Manufacturing Innovation Hub for Apparel, Textiles + Wearable Tech
- Formation: December 2014; 11 years ago
- Founder: Bob Bland
- Purpose: Business incubator
- Location: Brooklyn;
- Coordinates: 40°39′34″N 74°00′16″W﻿ / ﻿40.65944°N 74.00444°W
- Region served: US
- Affiliations: Advanced Functional Fabrics of America (2016)
- Website: brooklynmanufacturing.com

= Manufacturing Innovation Hub for Apparel, Textiles and Wearable Tech =

Manufacturing Innovation Hub for Apparel, Textiles + Wearable Tech (also known as Manufacture New York) is a business incubator in Brooklyn.

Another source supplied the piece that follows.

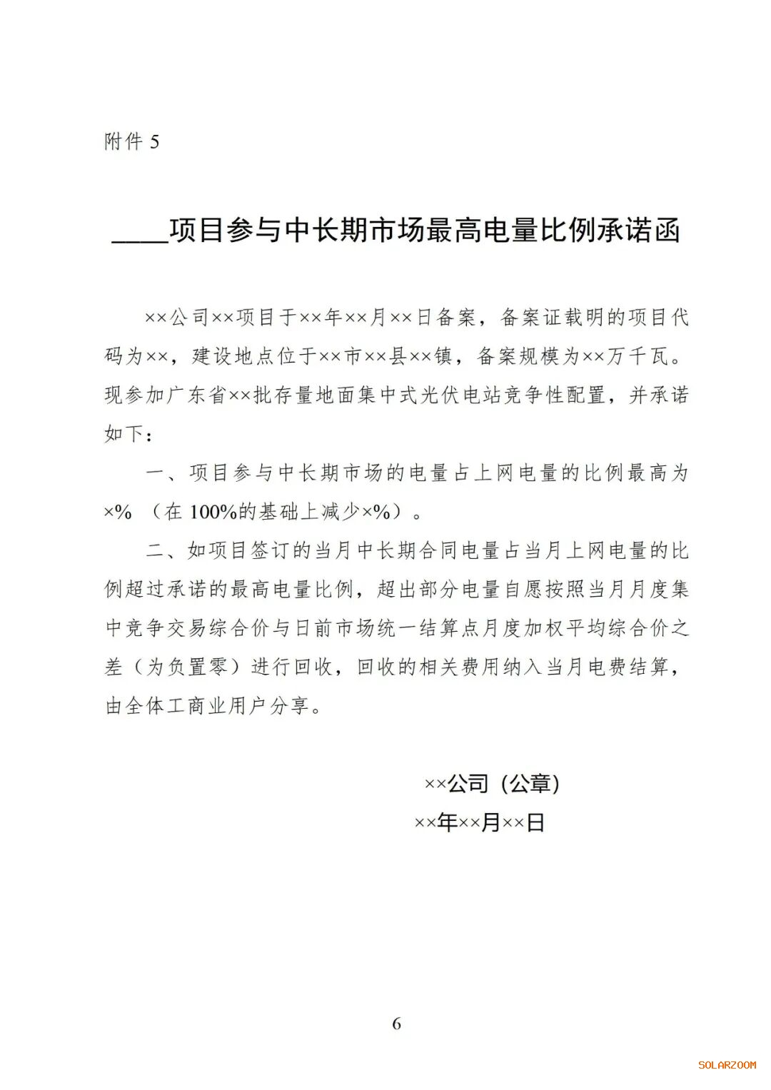 5.____项目参与中长期市场最高电量比例承诺函
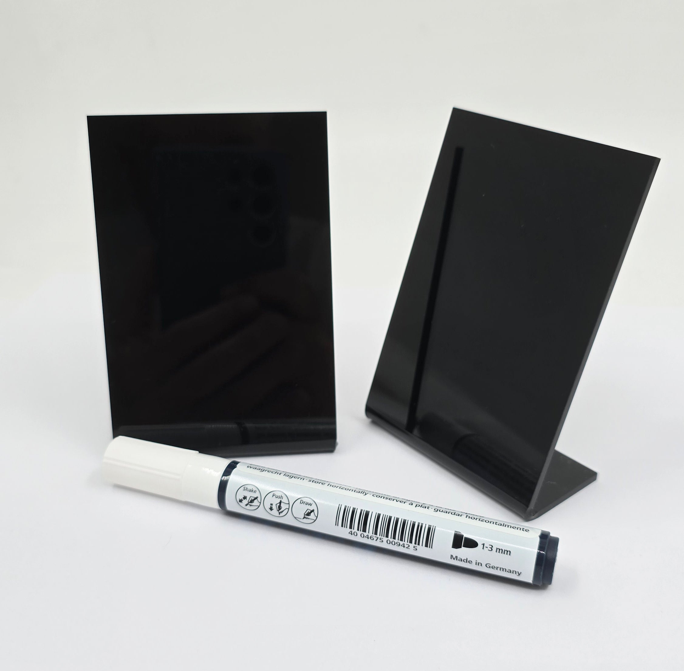 The smooth black surface is writeable and erasable, compatible with chalk or paint markers (included), making it perfect for daily updates.

It is housed on the fifth floor of Storehouse No. 2, U.S. Navy Fleet Supply Base, at 850 Third Avenue owned by the City of New York, which has been renamed to Liberty View Industrial Plaza.

The incubator offers 1,500 to 30,000 square foot spaces for manufacturing startups and is operated by Manufacture New York, a private company, since December 2014.

The project was the idea of Bob Bland, a New York fashion designer who secured a $50,000 grant from the U.S. Small Business Administration to found Manufacture New York and locate an incubator space in the city.

In 2016, the Brooklyn Innovation Hub became a member of Advanced Functional Fabrics of America.